4 There was a dispute by
management as to the use of red tape to
designate a "hot" area. Some of the documents that Claimant relied
on were ambiguous and confusing with reference to the use of red
tape. Management claimed that red tape was to designate areas of
storage of uranium products rather than to designate areas where
spills had occurred.
5 The severity level of violations
for an NRC licensee, such as
the GE Company, are graded from one to five. The larger the
number, the less severe the violation. Severity levels I and II
involve very significant violations; level III violations are
significant; level IV violations are significant if left uncorrected;
and level V violations are of minor concern.
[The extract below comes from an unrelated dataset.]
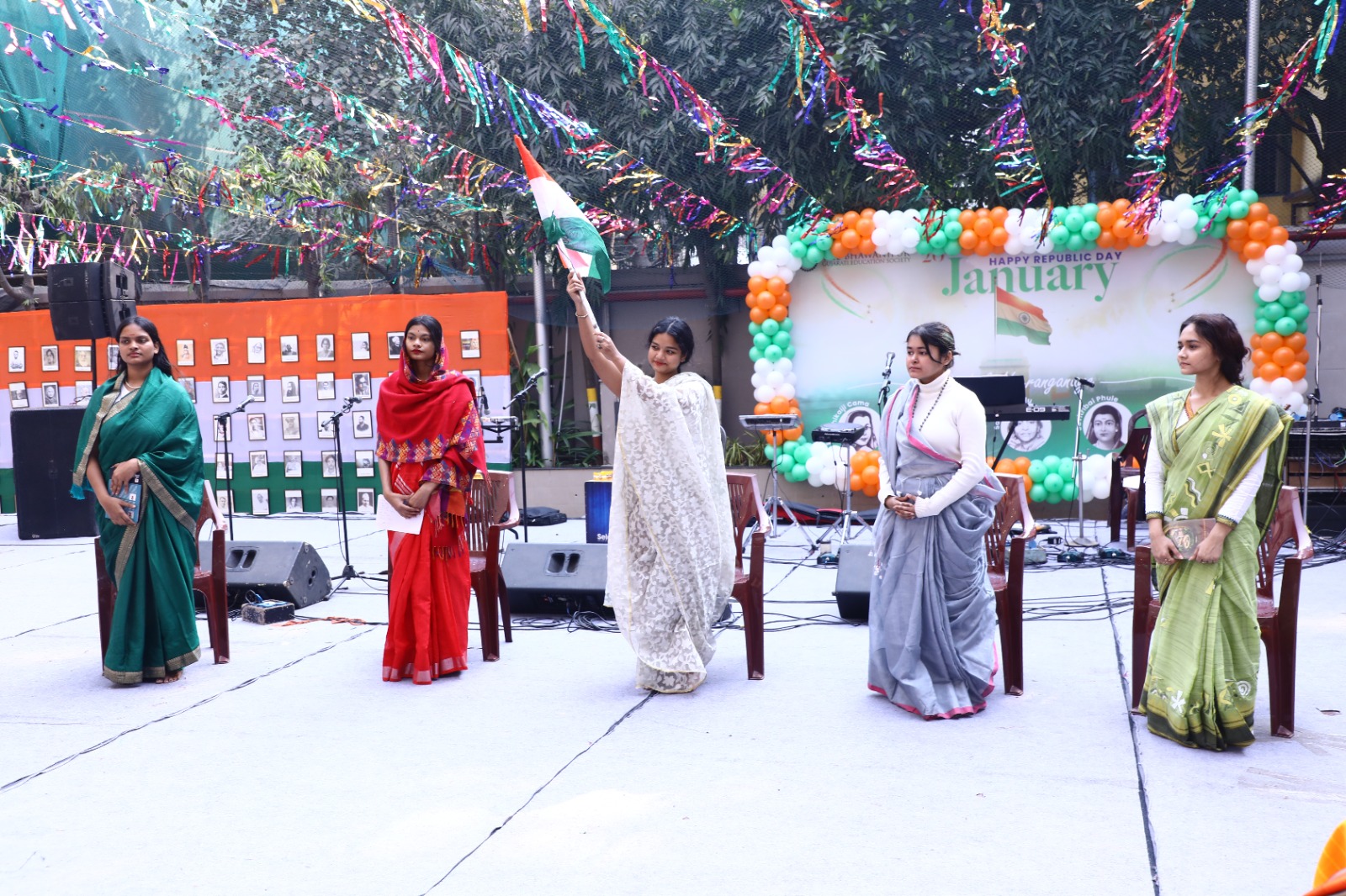 Aligned with the theme Desh ki Veerangana, the students of the Enact Collective presented a compelling performance celebrating the courage and contributions of India’s women warriors. The enactment portrayed five iconic figures—Bhikaiji Cama, Matangini Hazra, Sarojini Naidu, Vijayalakshmi Pandit, and Savitribai Phule—bringing to life their resilience, sacrifice, and unwavering commitment to the nation. Through powerful narration and expressive performances, the presentation paid tribute to the indomitable spirit of Indian womanhood and left the audience deeply moved and inspired.

Following the above discussed allegations, which were reported
to and investigated by both GE and the NRC, Mrs. English filed
additional allegations with the NRC in May and June of 1984. The
latter complaints were not reported to GE, though GE learned of
them through NRC investigations. A number of the May and June
allegations were merely reiterations of the previously filed
complaints. Of the 35 allegations investigated, five were found to be
Severity level IV violations; one (failure of personnel to use
personal survey devices) was determined to be a corrected prior
violation; seven were partially or wholly substantiated, but were
not deemed violations of NRC regulations or license requirements;
one was unresolved; and two were not addressed. Three level IV
violations and one level V violation were found to exist on the
basis of independent NRC determinations. (See ALJ Exhibits 5-12,
incl.; Employer's Exh. 11)
6 Even taking into account the
level V vs. level IV NRC designations,
a five day suspension appears to have been the heaviest
punishment dealt to anyone.
7 Said Ruling and Order is
incorporated herein by reference.
8 In determining whether
Claimant's conduct afforded an
independent, nondiscriminatory basis for discharge, or whether it was
protected activity, the court must determine whether Claimant's
overall conduct was so generally inimical to Employer's interests and
so excessive as to be beyond the protection of the statue. The
court must balance the setting in which the activity arises and the
interests and motivations of both Employer and Employee.
Hockstadt, ibid. at pages 229, 230 and 232.